Last month, a 13-year-old boy and a responding Harris County Sheriff's deputy were attacked by multiple dogs in Spring.

On Friday evening, the Brazoria County Sheriff's Office said a 2-year-old girl in Alvin was mauled and killed by her family's dog. The Brazoria County Sheriff's Office said that dog has since been euthanized and sent to the lab for testing. 

No charges have been filed. 

Baugh said in most cases, the unfamiliarity of the child can be tricky for a dog, and the key is to integrate your pups into the family.

"That's a new stage of development so even though this child is part of the family, there are still new things that are happening as the child matures. And those can be novel to the dog," Baugh said.

Other dog owners agree.

"We had different people over, different looking people, different age groups, kids and stuff like that.

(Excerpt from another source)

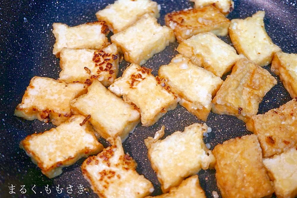 厚揚げに片栗粉をまぶしたのでソースにとろみが出て全体が均一に絡まります。

And now it's time to get him introduced to other dogs now that he has all his shots," said Erik Stricker.

"It's a tiring process. It's just like having a bunch of kids. You have to keep repeating yourself over and over again. Find what works for you," said Lindsey Stricker.

Contrary to popular belief, Baugh said the type of breed-- pitbull or not-- does not play a factor in a dog's aggression.

"Breed is inconsequential. Aggression in dogs is a human problem," Baugh said.